Where does the desire to keep moving come from? The common complaint of rising artists today is often that their sound is too complete, ready-made, so sometimes the wandering sound of Becoming Real feels like a self-foiling strategy, a way of avoiding being put into a neat box by pesky journalists. “I guess it’s just sonic experimentation, as an artist I’m always becoming and developing,” he says. Unlike most of his contemporaries Ridler holds a BA in Fine Art; given the blurry, impressionistic tone of some of his more ambient tracks it seems plausible that it might bleed into his work, but when asked if – like a John Maus character – that experience informs his creative process, he’s dismissive, insisting it’s a curatorial influence at most. “I don’t think my degree into putting the tracks on the CD. It might have made me feel certain things about the tracklisting once it was done, but not really beforehand.”

But there are a great deal of other influences outside of music that feed into his work’s sense of otherness. A keen flâneur drawing inspiration from the city, he highlights the Lea Valley as a “pretty beautiful walking area” before praising the extra-terrestrial strangeness of some of the capital’s Brutalist architecture. “Thamesmead always sticks in my mind as somewhere that is like being in a sci-fi film.
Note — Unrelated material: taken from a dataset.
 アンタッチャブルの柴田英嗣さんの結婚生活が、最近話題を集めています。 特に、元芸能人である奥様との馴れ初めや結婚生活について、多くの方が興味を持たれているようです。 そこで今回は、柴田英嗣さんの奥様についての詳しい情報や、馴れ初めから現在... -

That, or the Trellick tower, at night time, that really is like docking with a portal to mars or some other world”. On a similar modernist and sci-fi tip, he highlights the films of Soviet sci-fi don Andrei Tarkovsky, director of films such as Stalker, Solaris and Mirror, claiming that they “always strike a chord with me”. Dennis Potter’s BBC mini series The Singing Detective also receives praise as a notable influence for Ridler. ” a weird patchwork of past, present and future that for me seemed to have a similar form or (non) structure to some of the songs I’ve produced.”

But what comes through more than that fondness for Soviet sci-fi or alien cityscapes as an influence is Ridler’s affection for post-punk bands, in and the ethos rather than style they’re associated with (as varied as his sound is, roaring guitar riffs might be some way off ). Talking of his teenage fandom he notes, “I think a lot more of a punk ethic to approaching making music with technology”. To me, the spirit of punk DIY ethics is always putting your own reasons for doing something first, and never wavering on that – be true to your original vision. Fuck listening to what other people wanna see or hear.”
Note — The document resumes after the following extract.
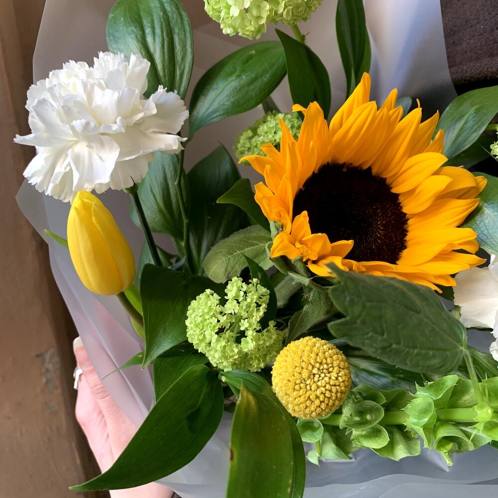 Вибурнум – 1 шт.Краспедия – 1 шт.Паникум – 1 шт.Подсолнух – 1 шт.Гвоздика белая – 2 шт.Тюльпан желтый – 1 шт.Рускус сочи – 5 шт.Молюцелла – 1 шт.Авторская упаковка – 1 шт.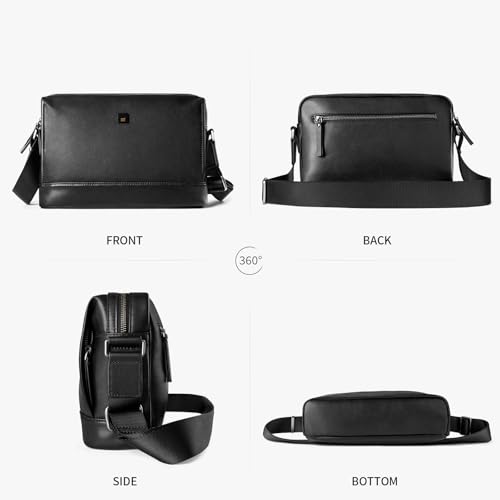 Men’s Genuine Leather Crossbody Shoulder Bag – First Layer Cowhide Messenger Bag with Adjustable Strap, Lightweight Small Satchel Fits Phone, Wallet, Keys, Black 4

That head-strong attitude bleeds into his own characterisation of his work. Asked if his move away from working with grime MCs was from a desire to make music on his own terms, Ridler confesses, “I don’t really think of music or creating in “terms” at all”. Similarly he shirks at the capitalistic connotations of the term “producer”. “Music for me isn’t just “producing” – what a weird way to describe someone being creative, as a producer, y’know? Sounds so business-like.” When asked if the place of London and some recognisable cues in his music gives him any sense of being a part of a movement, he’s characteristically non-committal, elusive. “I don’t see myself as ‘post-whatever’. I about London a lot because I lived there so long. To be honest the majority of the UK music I listen to these days is mainly from Manchester or Sheffield”.

But like all things Becoming Real, the influence of London is provisional, easily abandoned. “I don’t actually live in London anymore. I moved out like a week ago, on the day the Grimes tour started,” he notes. Savvier and more clinically minded artists might look to build on gains already made, build up a mythology on their home ground. Even the identity of his project, Becoming Real, is up for grabs. Asked more widely about where he sees the project in the future he admits it might grow bigger than his current project. “I feel like with the music I’m working on right now I’m kinda really arriving somewhere. I don’t know whether I should call myself Becoming Real anymore as I’m kinda getting there”. Where ‘there’ is doesn’t seem to be immediately clear even to Ridler, but he’s quietly confident about the eventual results. “It’ll be pretty defining,” he reckons.

Solar Dreams / Neon Decay is available now through Not Even.